What needs to be done:
Repeat only the lines from the one that contains "- Department: Production" through the final line of the listing below, exactly, please, without pictures.

Dataset content:
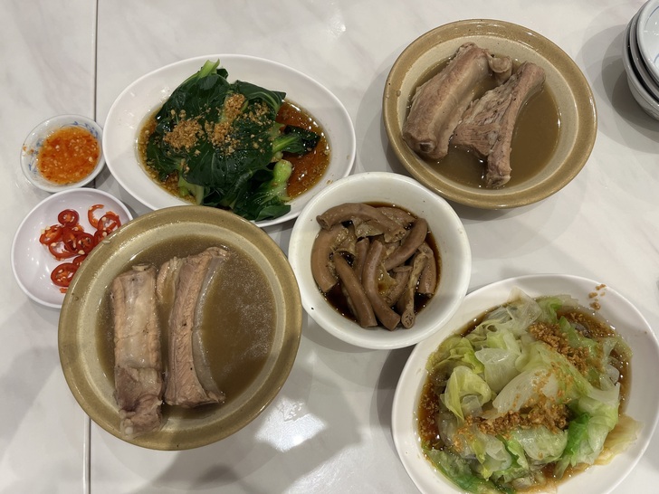 我們點了肉骨茶 滷粉腸 和兩盤燙青菜
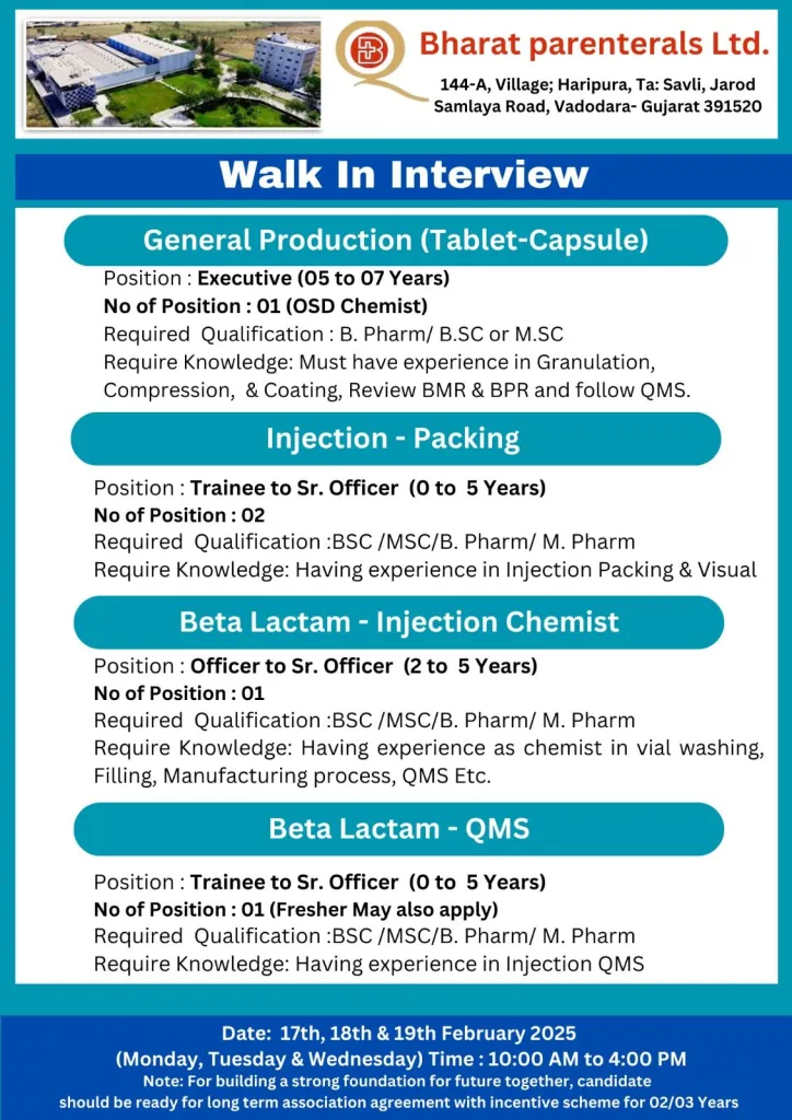 - Department: Production / Packing / Beta Lactam / Personnel Assistant / Purchase / HR
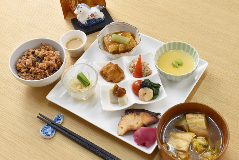 糀料理と『もっちもち』の寝かせ玄米、季節の実沢山のお味噌汁など、酵素が活きている糀を使ったメニューでおもてなしいたします。
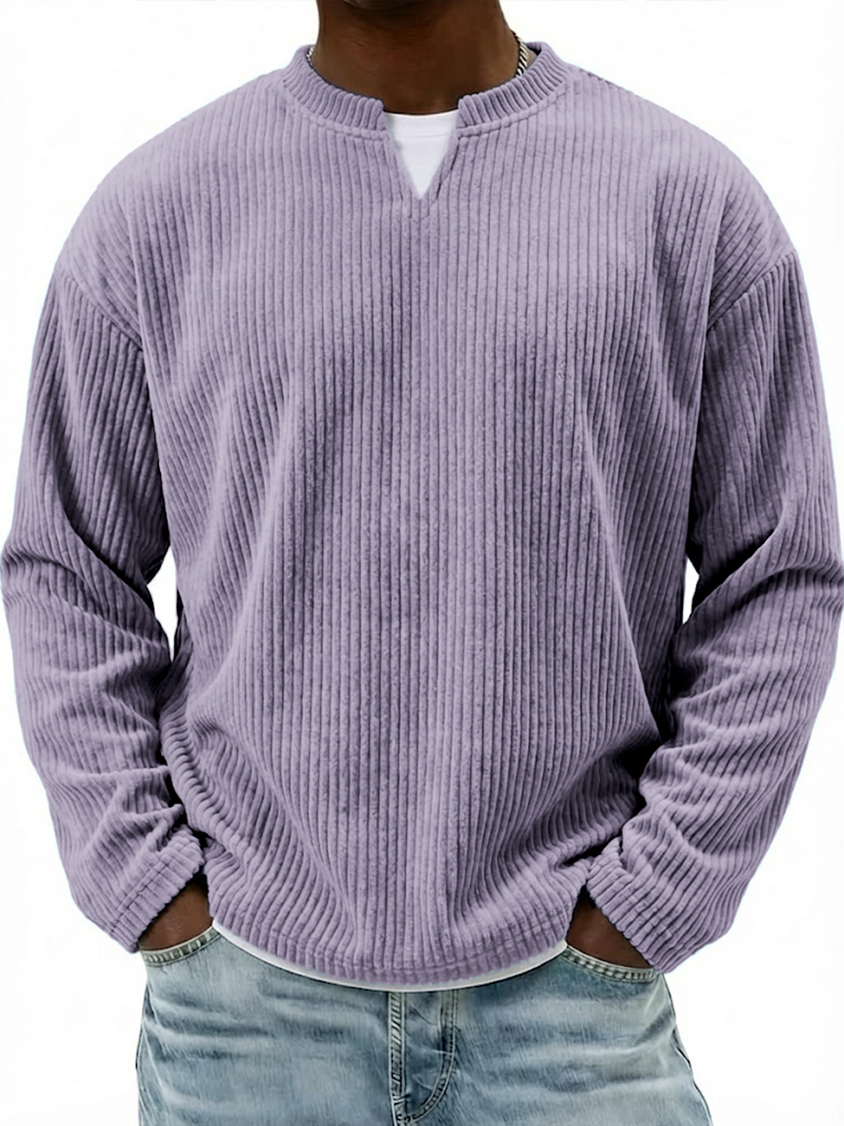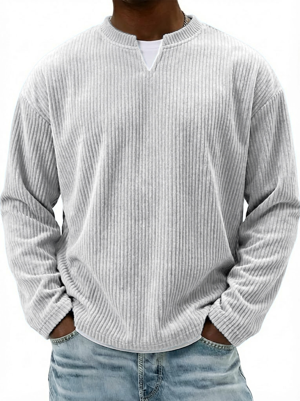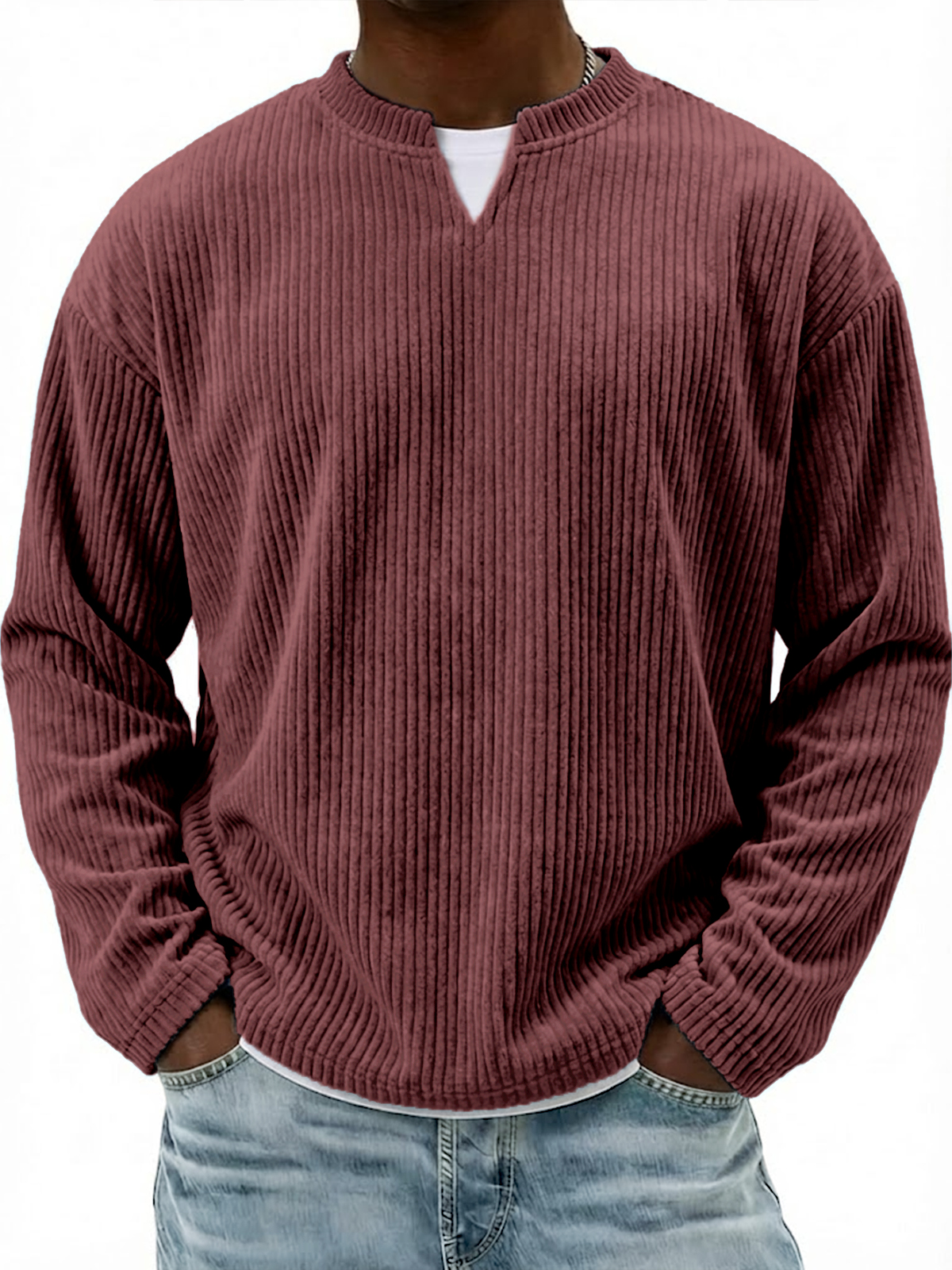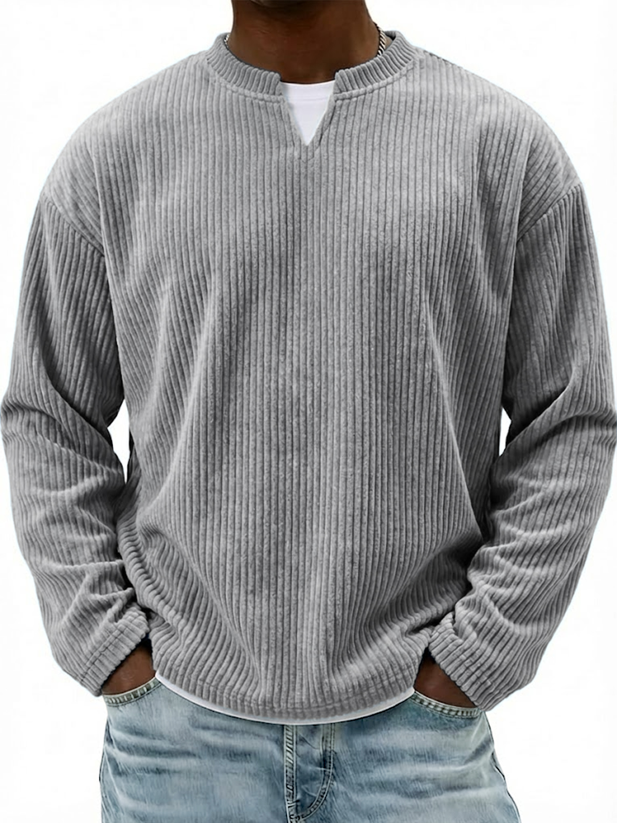 Corduroy V-neck Casual Long-sleeved T-shirt

Task output:
 - Department: Production / Packing / Beta Lactam / Personnel Assistant / Purchase / HR
 糀料理と『もっちもち』の寝かせ玄米、季節の実沢山のお味噌汁など、酵素が活きている糀を使ったメニューでおもてなしいたします。
 Corduroy V-neck Casual Long-sleeved T-shirt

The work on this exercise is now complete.